Sonnellino chair and stool by Giovanna Ticciati
What the pieces have in common, Ticciati says, is not only that they are inspired by nature, and made by “wonderful, creative, interesting people”, but that they are for sale on her new online platform, the Artisan Collab. Ticciati created the platform in 2022, “because I realised that life was short, and I only wanted to work with people you get on with and believed in,” she says. “And as you get older, I think, you realise more and more that the focus of life isn’t on money. Of course we all need it to buy food and survive. But the day-to-day quality of your life is incredibly important, it’s so precious, as are the people around you, the connections. And I wanted to celebrate that by bringing great people, great friends, great design all together.”

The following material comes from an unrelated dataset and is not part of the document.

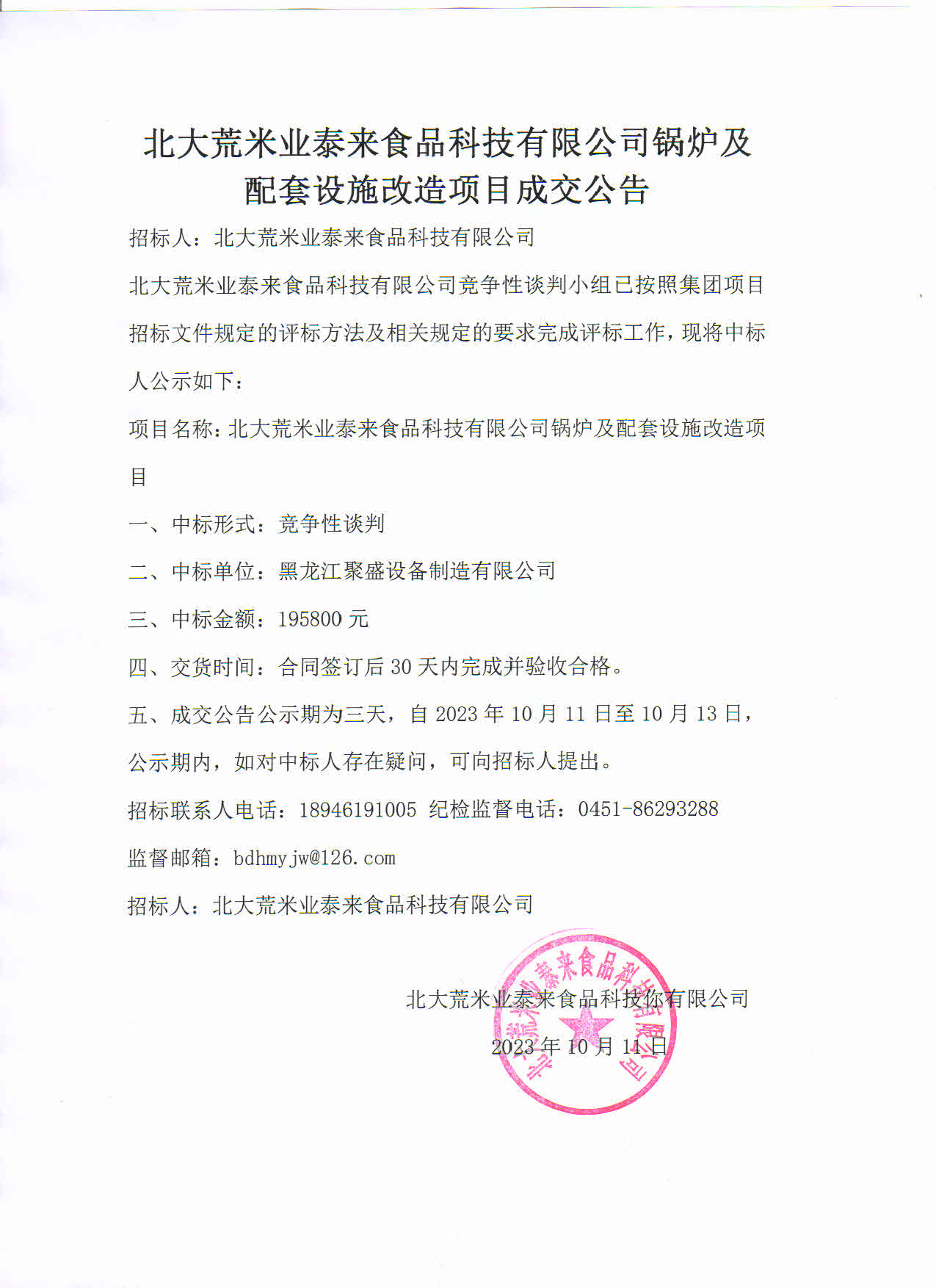 北大荒米業(yè)泰來食品科技有限公司鍋爐及配套設(shè)施改造項目成交公告
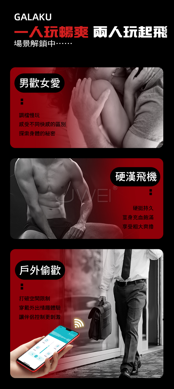 ►您現在的位置:首頁>GALAKU.烈焰紅唇 10頻酥麻強震 邊啪邊震 APP智控震動鎖精環

For those who love handmade, beautifully formed one-off pieces inspired by nature and made with natural materials such as wood, glass, bronze and clay, the Artisan Collab has become a one-stop shop that’s far more personal than Etsy and more curated than 1stDibs. While some pieces, such as Gennaro Avallone’s works, could set you back £24,000, most are, Ticciati says, “manageable for people like us” — by which she means her and her Danish bread-making husband, Troels Bendix, whose local bakery, Sodt, produces loaves for hotels from the Lanesborough to the Pig.
Tondo by Gennaro Avallone
Since she launched, several public spaces have requested pieces to show in their own exhibitions. Currently, a selection curated by Lily Ackerman of Ackerman Studios is on display at 45 Park Lane hotel in London — ranging from one of her own bronze-cast tables to Lucy Whitford ceramics. The works of the latter, Ticciati says, have been an “extraordinary success”. The Londoner won the Artisan Collab’s first Rising Creator Fellowship, which funds a less-known but talented maker. Within two weeks of Whitfield’s pieces going on show on the Artisan Collab, “we’d sold three out of the four, she’d been interviewed by several craft magazines, and the florist Nikki Tibbles from Wild at Heart had been in touch to buy some. So Lucy definitely benefited from the prize.”
Even for those who aren’t into art or ceramics, there are fun things to buy: for instance, a Jeremy Pitts treehouse. That’s because the company is not about only “a sensibility — but also about the richness of life,” says Ticciati. “Some things, like a treehouse, you buy purely to enjoy. We make things to enable people to have a nicer time.”